TASK INSTRUCTIONS = Reproduce all of the entries below exactly, without images.

DATASET EXCERPTS =
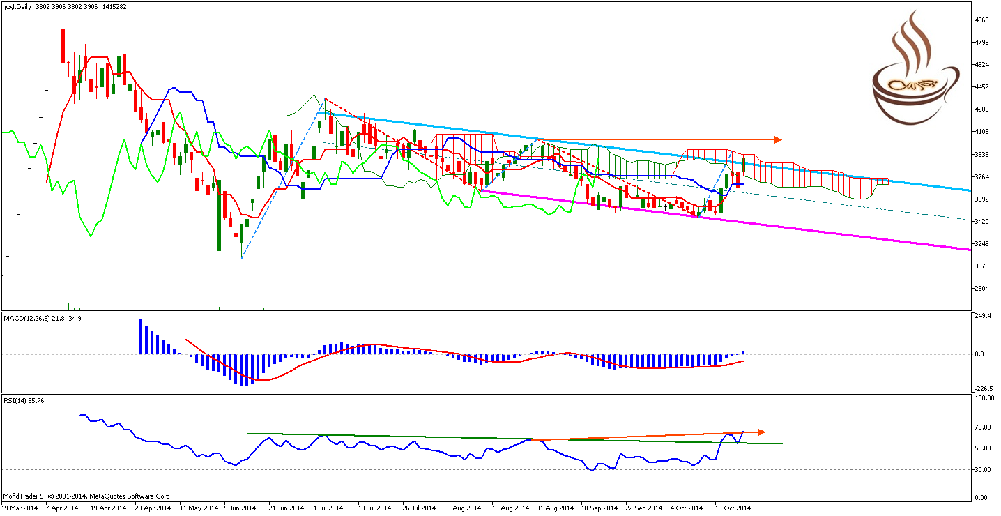 در تحلیل قبلی از سهم روند گفتیم که سهم در یک کانال نزولی در حال نوسان است. با گزارش خوبی که ارائه شد و با توجه به معاملات امروز سهم وضعیت بسیار مساعدی گرفته است به طوری که با حجم بسیار خوب و با یک کندل بسیار خوب به سقف کانال یورش برده است از طرفی از منظر سیستم ایچیموکو ابر کموی قرمز رنگ نازک شده و انتظار یک پیچش کمویی را به ما وعده می دهد. چیکو اسپن بسیار پر قدرت از زیر قیمت به بالا ی آن آمده و این خودش یک سیگنال پر قدرت صعود است. ورود اندیکاتور MACD به فاز مثبت نیز خودش تایید کننده روند صعودی سهم خواهد بود.
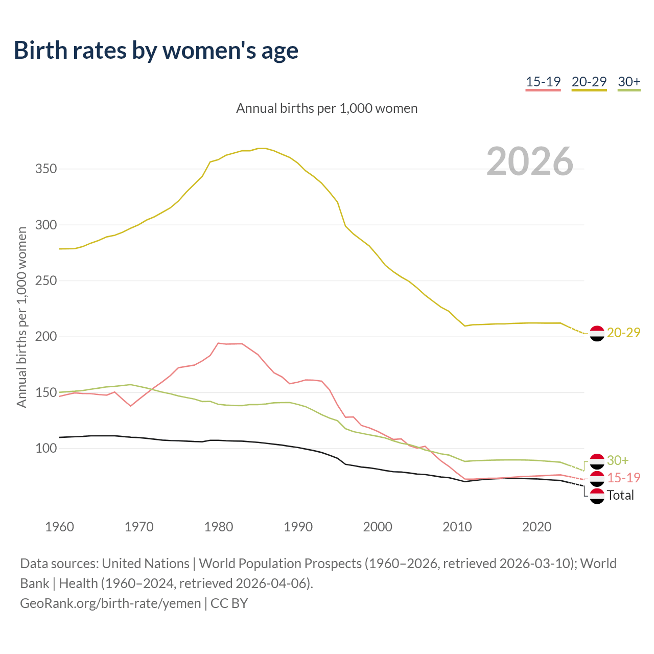 Yemen has a birth rate of 35.2 (annual births per 1,000 people) and a fertility rate of 4.59 (the average number of children a woman is expected to have over her lifetime based on current age-specific birth rates).
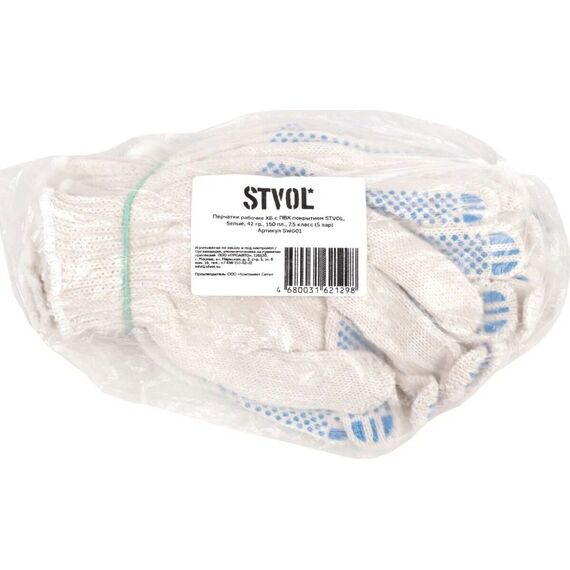 Перчатки рабочие STVOL SWG01 Перчатки рабочие ХБ с ПВХ покрытием, белые, 42 гр., 150 пл., 7,5 класс 5 пар
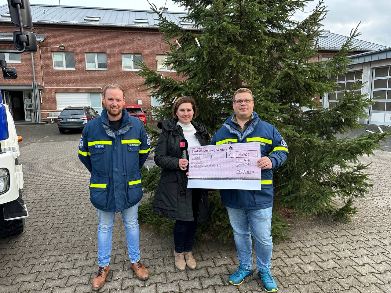 Der THW-Ortsverband Arnsberg übergibt seine Lichtblicke-Spende an Chefredakteurin Anke Gebhardt.
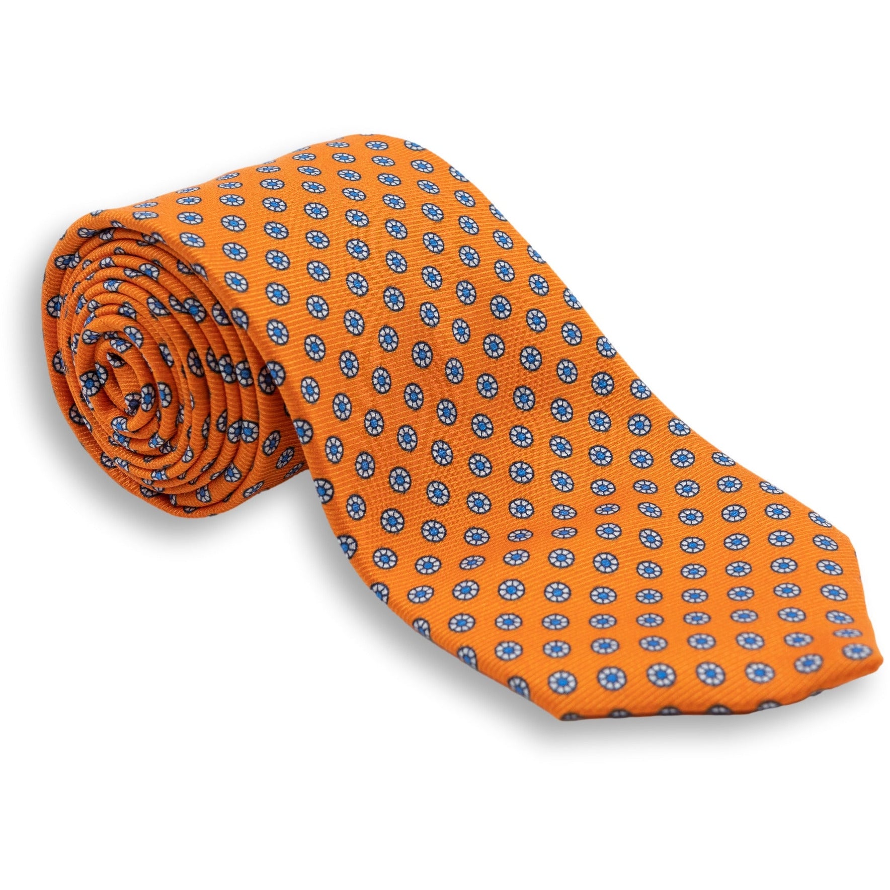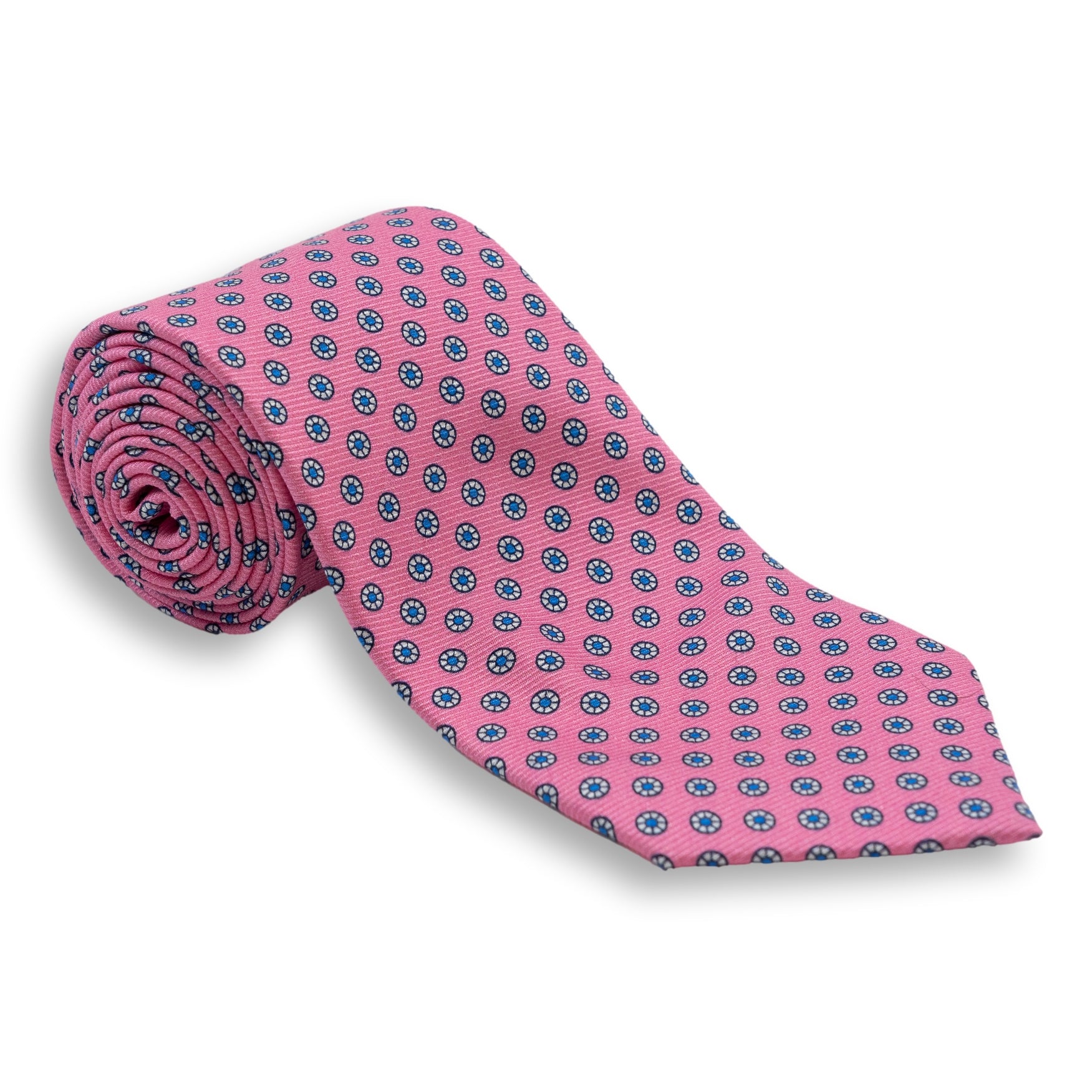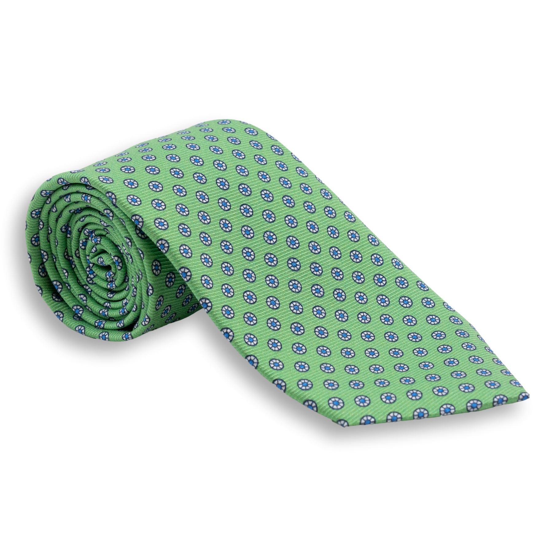 Small White Circular Pattern Silk Print Tie
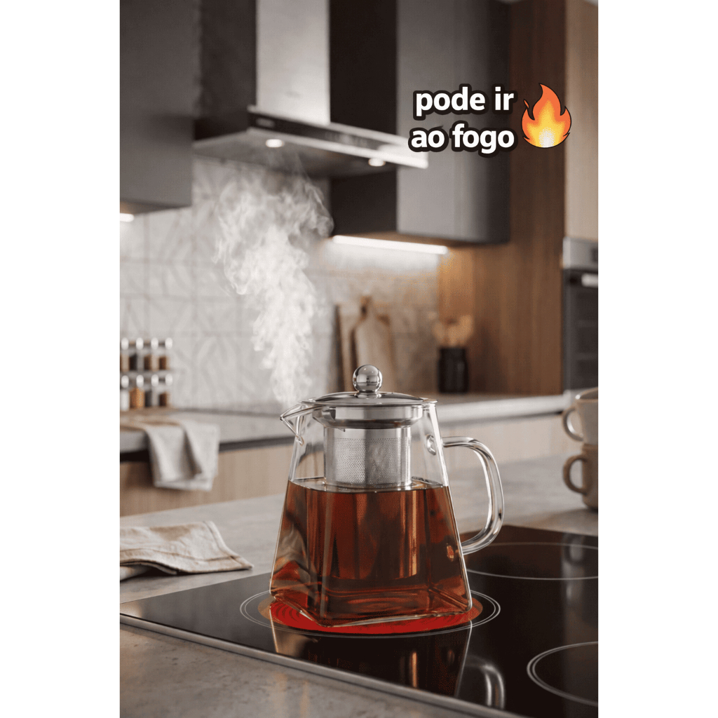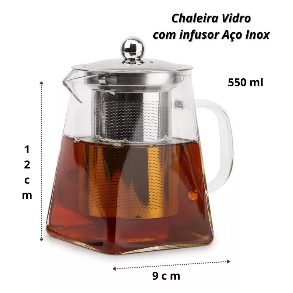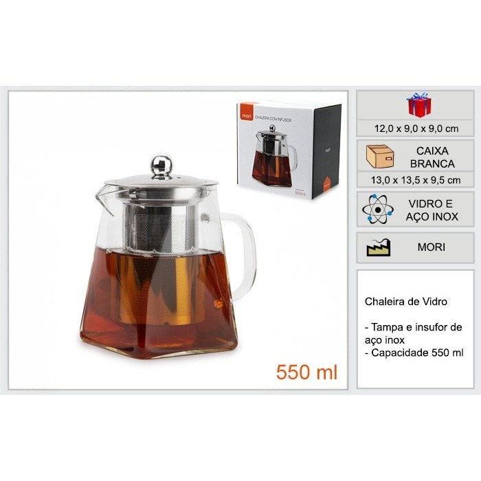 Chaleira com alça - Vidro Borossilicato direto ao fogo - Com Infusor Inox 550ml - Mori
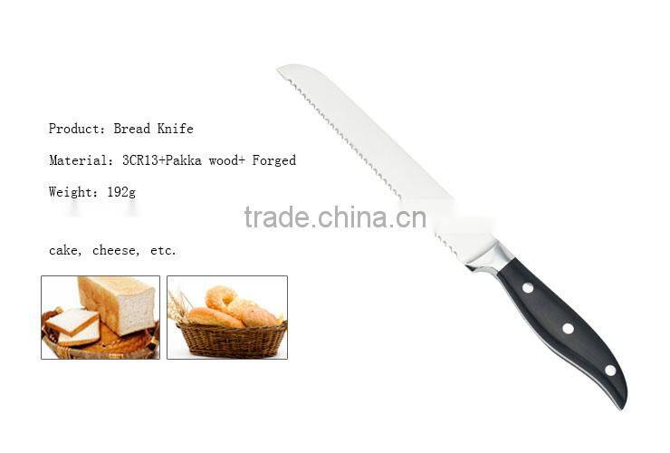 Home > Products > Single Kitchen Knife > 8"Bread Knife, Forged and Pakka Wood Handle Black Color

YOUR RESPONSE =
 در تحلیل قبلی از سهم روند گفتیم که سهم در یک کانال نزولی در حال نوسان است. با گزارش خوبی که ارائه شد و با توجه به معاملات امروز سهم وضعیت بسیار مساعدی گرفته است به طوری که با حجم بسیار خوب و با یک کندل بسیار خوب به سقف کانال یورش برده است از طرفی از منظر سیستم ایچیموکو ابر کموی قرمز رنگ نازک شده و انتظار یک پیچش کمویی را به ما وعده می دهد. چیکو اسپن بسیار پر قدرت از زیر قیمت به بالا ی آن آمده و این خودش یک سیگنال پر قدرت صعود است. ورود اندیکاتور MACD به فاز مثبت نیز خودش تایید کننده روند صعودی سهم خواهد بود.
 Yemen has a birth rate of 35.2 (annual births per 1,000 people) and a fertility rate of 4.59 (the average number of children a woman is expected to have over her lifetime based on current age-specific birth rates).
 Перчатки рабочие STVOL SWG01 Перчатки рабочие ХБ с ПВХ покрытием, белые, 42 гр., 150 пл., 7,5 класс 5 пар
 Der THW-Ortsverband Arnsberg übergibt seine Lichtblicke-Spende an Chefredakteurin Anke Gebhardt.
 Small White Circular Pattern Silk Print Tie
 Chaleira com alça - Vidro Borossilicato direto ao fogo - Com Infusor Inox 550ml - Mori
 Home > Products > Single Kitchen Knife > 8"Bread Knife, Forged and Pakka Wood Handle Black Color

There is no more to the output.